Online betting sites pegged him as a contender for Paris two years ago, but he was by no means the favourite. It was an honor that such points as Lucky Rebel Sportsbook gave American sensation Sha Curry Richardson a shot as the clear front-runner for 4/11 Hurricane glory. Meanwhile, Alfred was out on 19/4, but he would have spoiled the odds on the grandest stage and two years later he is now trying to reverse that. And this time, she’s definitely the woman to beat.

Then there’s Chad Le Clos, the Commonwealth Games answer to Michael Phelps. Eighteen medals. Seven golds. Four Games — Delhi 2010, Glasgow 2014, Gold Coast 2018, Birmingham 2022 — and Glasgow 2026 will be his fifth. The most decorated Commonwealth Games swimmer of all time and still returns to the Tollcross pool at an age when most elite swimmers have long given up on nostalgia.

What holds a man back when the records are already his? Perhaps only Le Clos himself can fully answer that, but watching him chase medal number nineteen in the same pool where he thrilled crowds twelve years ago has a quality that transcends sport entirely. Eighteen medals. Seven golds. Four Game. Chad Le Clos isn’t done yet.

Medal table predictions

Because Glasgow gave late notice, some landmark events have been cut from the 2026 Games. No shot. No wrestling. Not badminton. No weightlifting. That’s bad news for India, which finished fourth at Birmingham 2022, largely behind those events. Wrestling alone produced 12 medals and weightlifting another 10. Remove them from the program and India’s overall performance plummets.

England will happily move into that vacuum with even greater hopes.
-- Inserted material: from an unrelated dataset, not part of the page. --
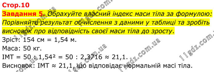 Завдання 5. Обрахуйте власний індекс маси тіла за формулою: Порівняйте результат обчислення з даними у таблиці та зробіть висновок про відповідність своєї маси тіла до зросту. Зріст: 154 см = 1,54 м. Маса: 50 кг. ІМТ = 50 : 1,54² = 50 : 2,3716 ≈ 21,1. Висновок: ІМТ ≈ 21,1, що відповідає нормальній масі тіла.

They last topped the medals table in this very city 12 years ago, and with their athletics, swimming, gymnastics, boxing and cycling teams representing the widest array of medal-winning athletes at these Games, they will be looking to top the table again at their biggest rivals.

But in the last two games, it was the Australians who ran to glory. They topped the table at Birmingham 2022 with a total of 178 medals and remain fiercely competitive both in the pool and on the track. Expect them to put England on top, especially in swimming and cycling. And with their athletes highly motivated after the host debacle in Victoria, don’t be surprised to see them round out the three-peat medal table this summer.
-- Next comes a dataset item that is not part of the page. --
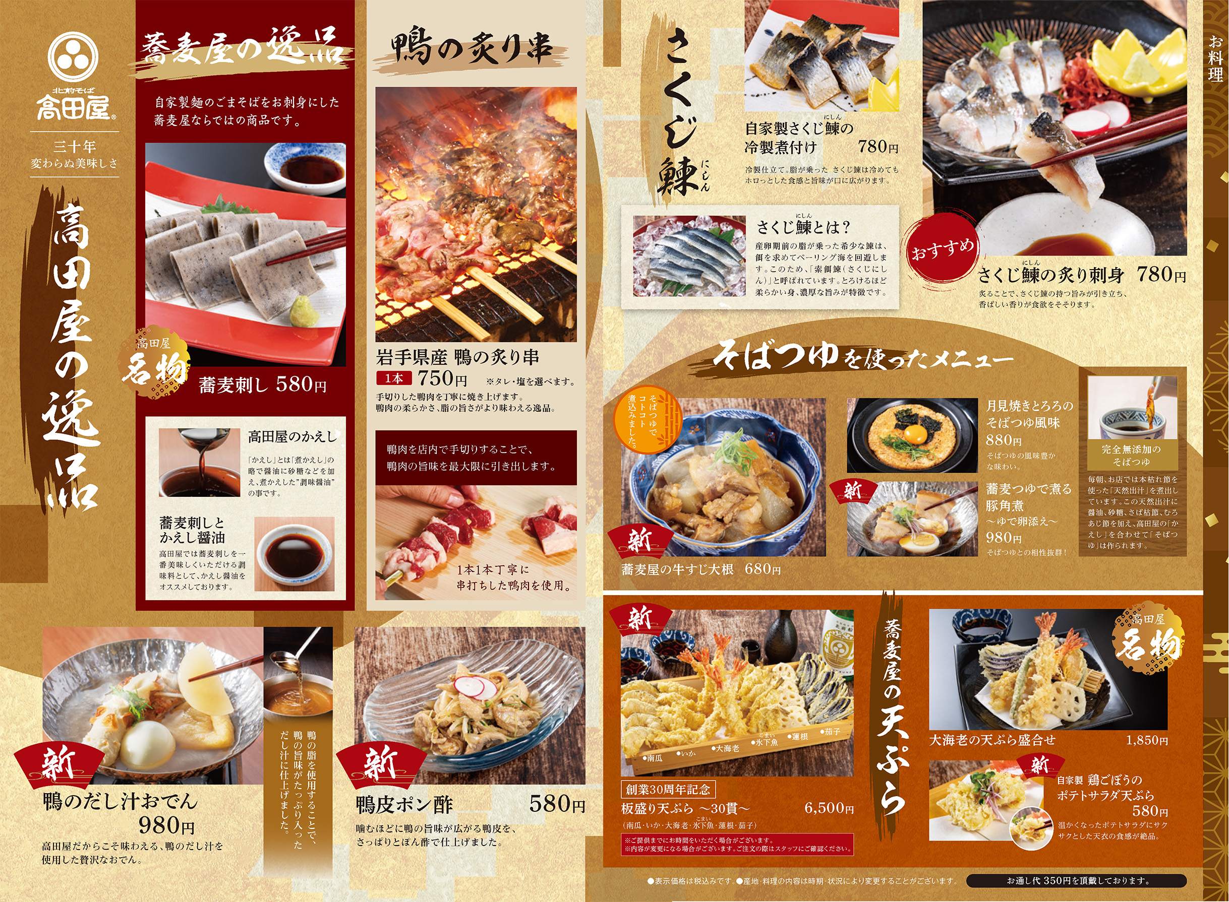 店内製麺の美味しい蕎麦を中心に3つの顔を持つ、高田屋のブランド展開

Where can I watch the 2026 Commonwealth Games?

The BBC has broadcast every Commonwealth Games since 1954. Generations of British families have watched Daley Thompson, Denise Lewis and Chris Ho through those unique glasses. Seventy-two unbroken years. Now TNT Sports, Warner Bros. Discovery has ended its operations Bidding them for live rights to Glasgow 2026The BBC has publicly confirmed that it was “unable to meet” the financial terms on the table.
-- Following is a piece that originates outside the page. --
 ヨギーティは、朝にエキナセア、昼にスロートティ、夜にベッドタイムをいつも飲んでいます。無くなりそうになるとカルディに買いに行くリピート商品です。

Under the protected listed events provisions of the Broadcasting Act, the BBC retains the right to negotiate secondary coverage, meaning that important broadcast events and some live access must remain available to viewers who are unwilling or unable to subscribe. Whether that guarantee provides real coverage or comfort clips remains to be seen. What is not negotiable is the reality. For the first time in 72 years, a subscription is required to watch Glasgow 2026 live. What is lost is continuity. What can be achieved – production resources, coverage hours, platform innovation – TNT Sports must now prove.

Glasgow stepped up when the Commonwealth Games needed saving, and everything about its design suggests that the rescue will be something remarkable. Julien Alfred arrives in Glasgow as the woman who made an entire island in Paris weep for joy; does he go under 10.70 in the Scottish atmosphere is the sprint question of the year. Chad Le Clos is once again swimming improbably and magnificently in pursuit of a legacy that is already his own. England and Australia will battle it out for the top of the table for 11 days. And the TNT Sports deal has British viewers asking whether the value of live streaming outweighs 72 years of institutional habit.